Di più Vitaloni non dice, ma si dovrebbe trattare di un buono sconto per il consumatore che voglia acquistare un paio di occhiali da vista; e di una maggiore detrazione fiscale rispetto all’attuale, che è del 19%.
Avete avuto qualche riscontro dal Governo?
«Lo stiamo aspettando e siamo fiduciosi. Ed è altrettanto fondamentale immettere liquidità nelle aziende: dai 25 mila euro per i negozi degli ottici che ne fanno richiesta ai finanziamenti alle imprese. Con il sistema Confindustria Moda stiamo facendo molta pressione per favorire un allentamento delle strettoie burocratiche, fra le garanzie statali e il mondo bancario. Va tutto troppo a rilento».

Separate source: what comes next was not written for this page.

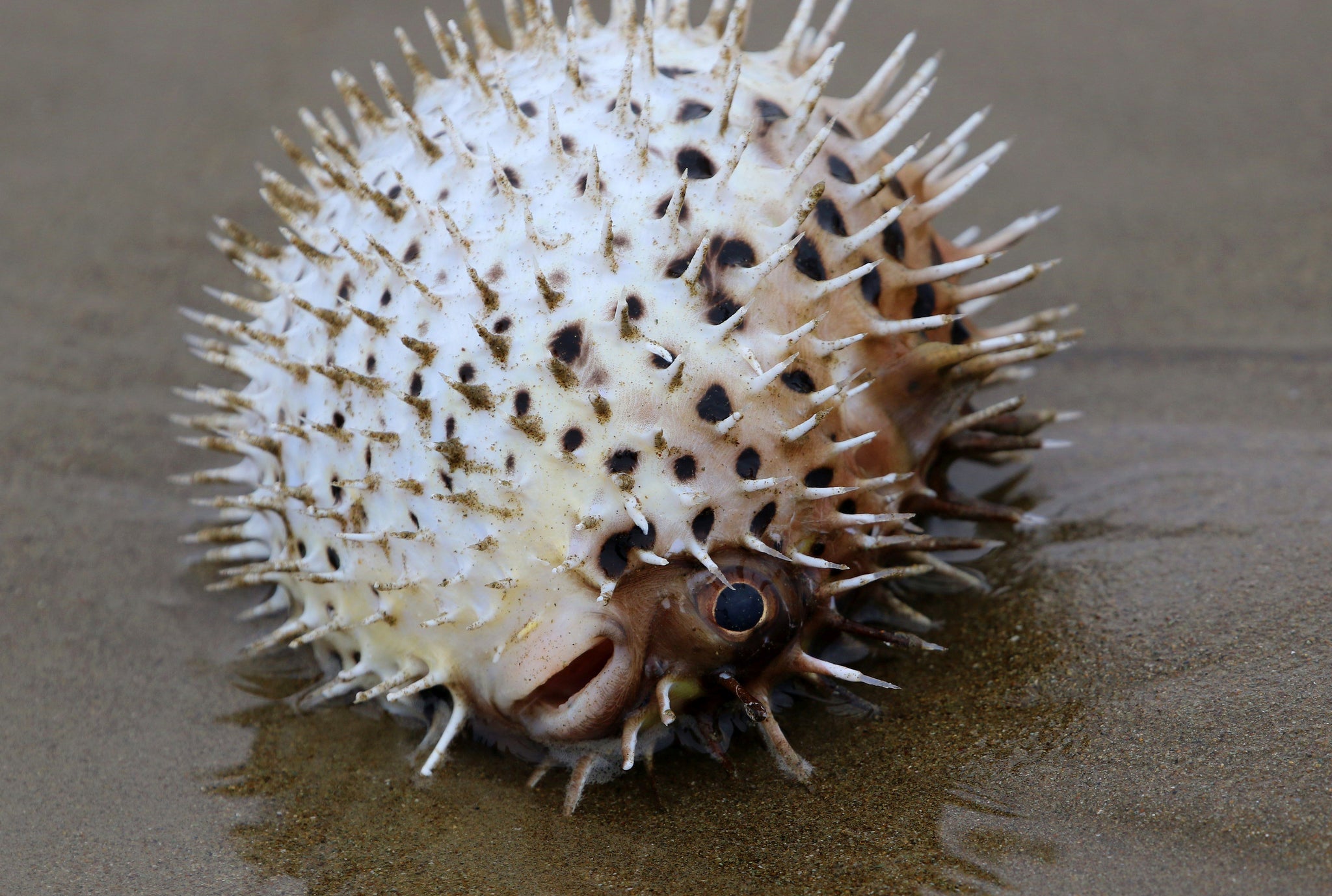 Top photo: an inflated long-spine porcupinefish washed up on the beach dead (bloated)
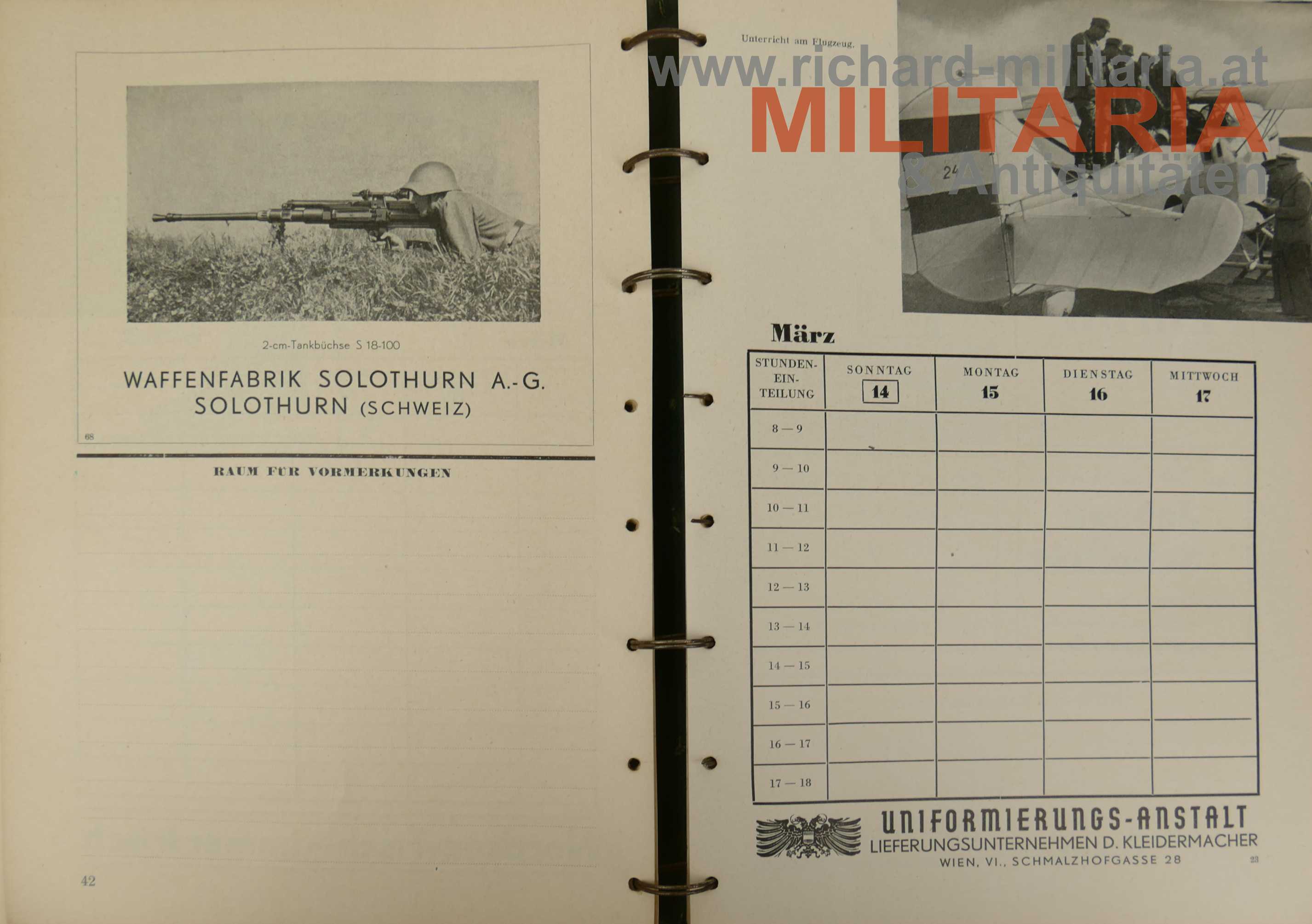 Handbuch der Bewaffneten Macht mit dem österr. Militärkalender 1937; Einband in dunkelgrüner Lederoptik gebundenes Handbuch und Österreichischer Militärkalender mit Ringketten-Bindung - 2 Spiralen defekt, originale Rechnung beiliegend (!), vollständig

Resta il problema dell’estero.
«Che è fondamentale, vale il 90% del fatturato del settore. Consideriamo che l’occhialeria ha sempre potuto lavorare e mantenere attive le produzioni in Italia e che tutte le nostre aziende si sono adoperate immediatamente per seguire scrupolosamente i protocolli di sicurezza. Ma finché non ripartono i consumi restiamo al palo. Pensiamo poi ai viaggi: prima, ad esempio, ci si poteva spostare dalla Cina al Giappone in tre giorni per visitare i clienti. Oggi se uno lo volesse fare deve mettere in conto 14 giorni di quarantena in un paese e 14 nell’altro. Per tre giorni di lavoro devi stare fermo oltre un mese. Improponibile».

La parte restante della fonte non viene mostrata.